Unnamed: 0,PassengerId,Survived,Pclass,Name,Age,SibSp,Parch,Ticket,Fare,Cabin,Sex_male,Embarked_Q,Embarked_S
0,892,0,3,"Kelly, Mr. James",0.334993,0,0,330911,-0.497811,,True,True,False
1,893,1,3,"Wilkes, Mrs. James (Ellen Needs)",1.32553,1,0,363272,-0.51266,,False,False,True
2,894,0,2,"Myles, Mr. Thomas Francis",2.514175,0,0,240276,-0.464532,,True,True,False
3,895,0,3,"Wirz, Mr. Albert",-0.25933,0,0,315154,-0.482888,,True,False,True
4,896,1,3,"Hirvonen, Mrs. Alexander (Helga E Lindqvist)",-0.655545,1,1,3101298,-0.417971,,False,False,True


## Splitting the Dataset into Training and Testing Sets


We will split the dataset into training and testing sets to train and evaluate our model.                     
**Explanation:** This section splits the dataset into features (X) and the target variable (y). We drop the Survived column from the feature set and assign it to the target variable. The train_test_split() function from sklearn.model_selection is then used to randomly split the dataset into training and testing sets, with 80% of the data used for training and 20% for testing (as specified by test_size=0.2). The random_state=42 parameter ensures that the results are reproducible. We check the shapes of the training and testing sets to verify the split.

In [6]:
from sklearn.model_selection import train_test_split

# Define feature set (X) and target (y)
X = encoded_data.drop('Survived', axis=1)
y = encoded_data['Survived']

# Splitting the dataset into training and testing sets
X_train, X_test, y_train, y_test = train_test_split(X, y, test_size=0.2, random_state=42)

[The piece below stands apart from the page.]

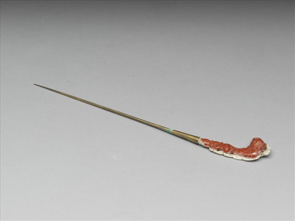 銀鍍金挺,片狀珊瑚為簪首,簪首鏤雕蓮塘水鳥為飾,大片的光滑荷葉與其他鏤雕精細的小物像彼此映襯,甚具設計感。這種蓮塘水鳥紋飾母題,即一般所謂的「滿池嬌」,這一紋飾主題淵源甚早,在元代時被認為是上層人士所用的紋樣,院藏一些玉頂與瓷器上,也見有這一類的紋樣。

# Check the shape of training and testing sets
X_train.shape, X_test.shape
    

((334, 12), (84, 12))

## Converting Data to PyTorch Tensors


For training an ANN using PyTorch, we need to convert the dataset into tensors.                   
**Explanation:** In this final section, we convert the training data into PyTorch tensors, which are necessary for training the artificial neural network. We use the torch.tensor() function to create tensors from the NumPy arrays of the training features (X) and labels (y). The dtype parameters ensure that the data types are correctly set for processing. A TensorDataset is then created, which pairs the features with the labels, and a DataLoader is instantiated to manage batches of data. By setting batch_size=32, we ensure that the model receives data in manageable chunks during training, and shuffle=True randomizes the data order for better training efficiency. The loop iterates through the data_loader, and we print the shapes of the batches to confirm that the batching is done correctly.   

In [15]:
import torch
# Select features and target variable, fill NaN values
X = data[['Pclass', 'Age', 'SibSp', 'Parch', 'Fare']].fillna(0).values  # Fill NaNs with 0
y = data['Survived'].values  # Target variable
# Convert to PyTorch tensors
X_tensor = torch.tensor(X, dtype=torch.float32)  # Continuous features
y_tensor = torch.tensor(y, dtype=torch.long)  # Categorical labels
# Create TensorDataset
dataset = TensorDataset(X_tensor, y_tensor)
# Create DataLoader for batching
data_loader = DataLoader(dataset, batch_size=32, shuffle=True)
# Iterate through the DataLoader
for batch_X, batch_y in data_loader:
    print("Batch X shape:", batch_X.shape)  # Check the shape of features
    print("Batch Y shape:", batch_y.shape)  # Check the shape of labels
    break  # Break after the first batch for inspection



Batch X shape: torch.Size([32, 5])
Batch Y shape: torch.Size([32])


## Conclusion

In this tutorial, we explored the essential preprocessing techniques necessary for preparing datasets for Artificial Neural Networks (ANNs). We highlighted the importance of handling missing values, scaling features, and encoding categorical variables. By following these steps, we can ensure that our data is clean, consistent, and ready for training. Proper preprocessing plays a vital role in enhancing model performance, enabling the ANN to learn effectively from the data and achieve better results.